1. **Crawling**: Uses Firecrawl API to crawl documentation sites and generate sitemaps
2. **Processing**: Extracts content and converts it to markdown format
3. **Status Tracking**: Real-time updates on crawl progress
4. **Results**: Displays processed content ready for LLM consumption

## Credits

This project is a Next.js implementation inspired by the [devdocs-to-llm](https://github.com/alexfazio/devdocs-to-llm) Jupyter notebook by Alex Fazio. The original project demonstrated how to use Firecrawl API to crawl developer documentation and prepare it for LLM use.
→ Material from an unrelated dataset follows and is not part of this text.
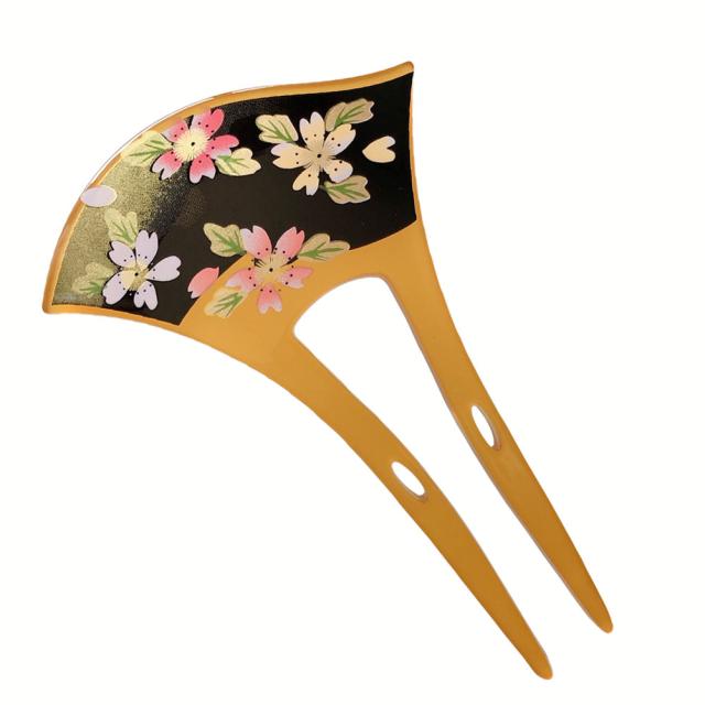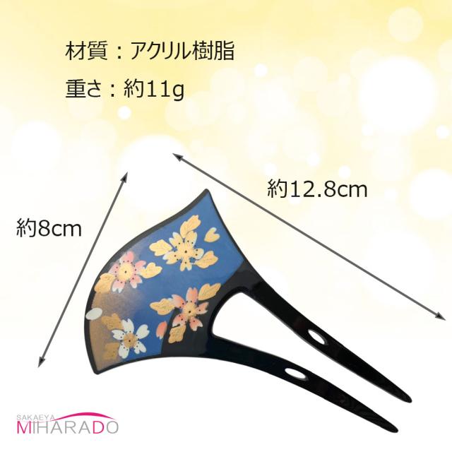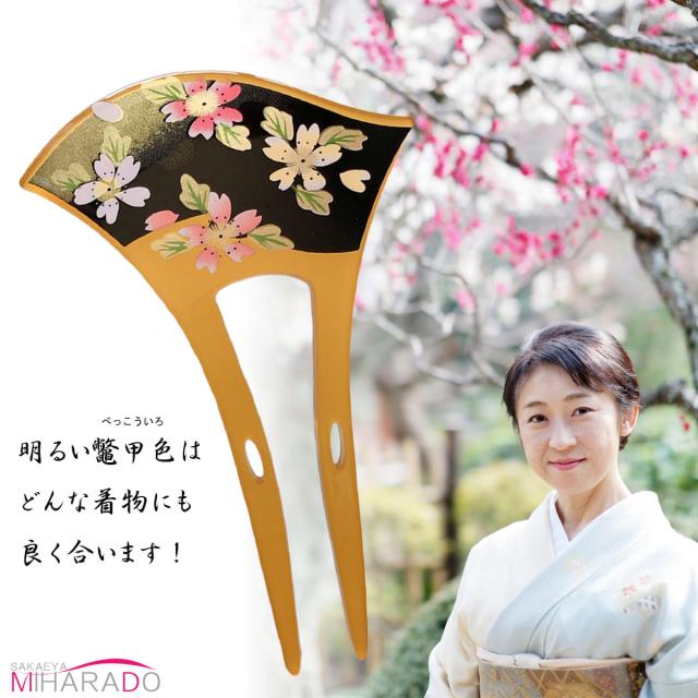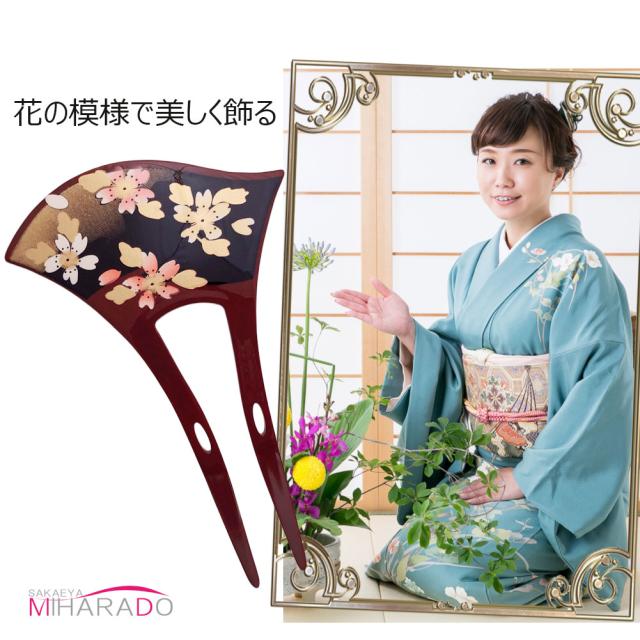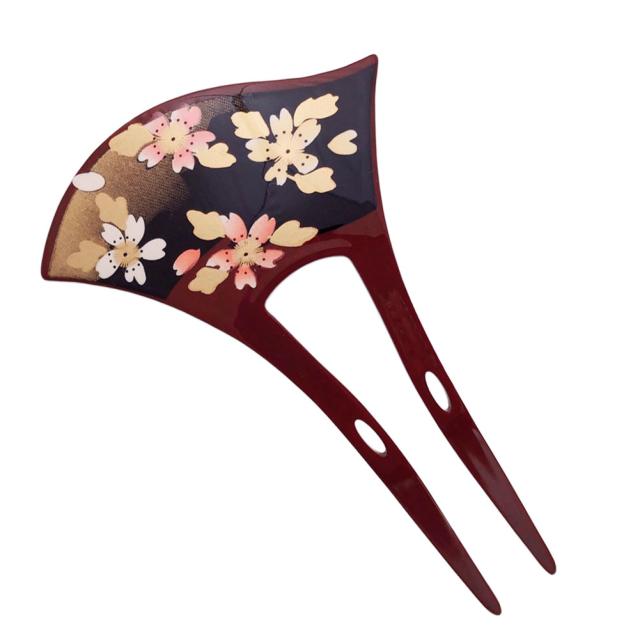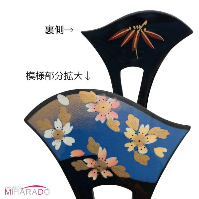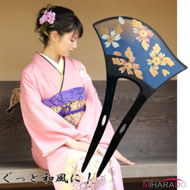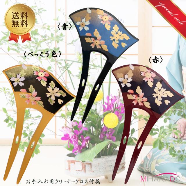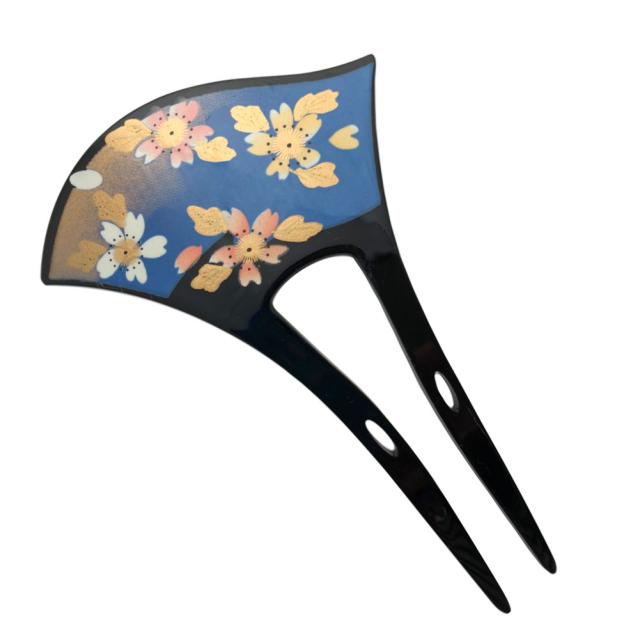 送料無料 かんざし バチ型 扇型 桜吹雪 桜 古典柄 シンプルデザイン 青 赤 べっこう色

The original Jupyter notebook implementation provides:
- Documentation crawling with Firecrawl API
- Content extraction and markdown conversion
- Export capabilities to Rentry.co and Google Docs

This Next.js version builds upon these capabilities by:
- Adding a modern web interface
- Implementing real-time crawl status tracking
- Providing a serverless architecture for Firecrawl API processing
- Adding dark/light theme support
- Making the tool more accessible through a user-friendly UI deployed on Vercel
- Github Actions for manual and scheduled scraping
- OpenAPI Specification for LLM Tool Calling

## License

See the [LICENSE](LICENSE) file for details.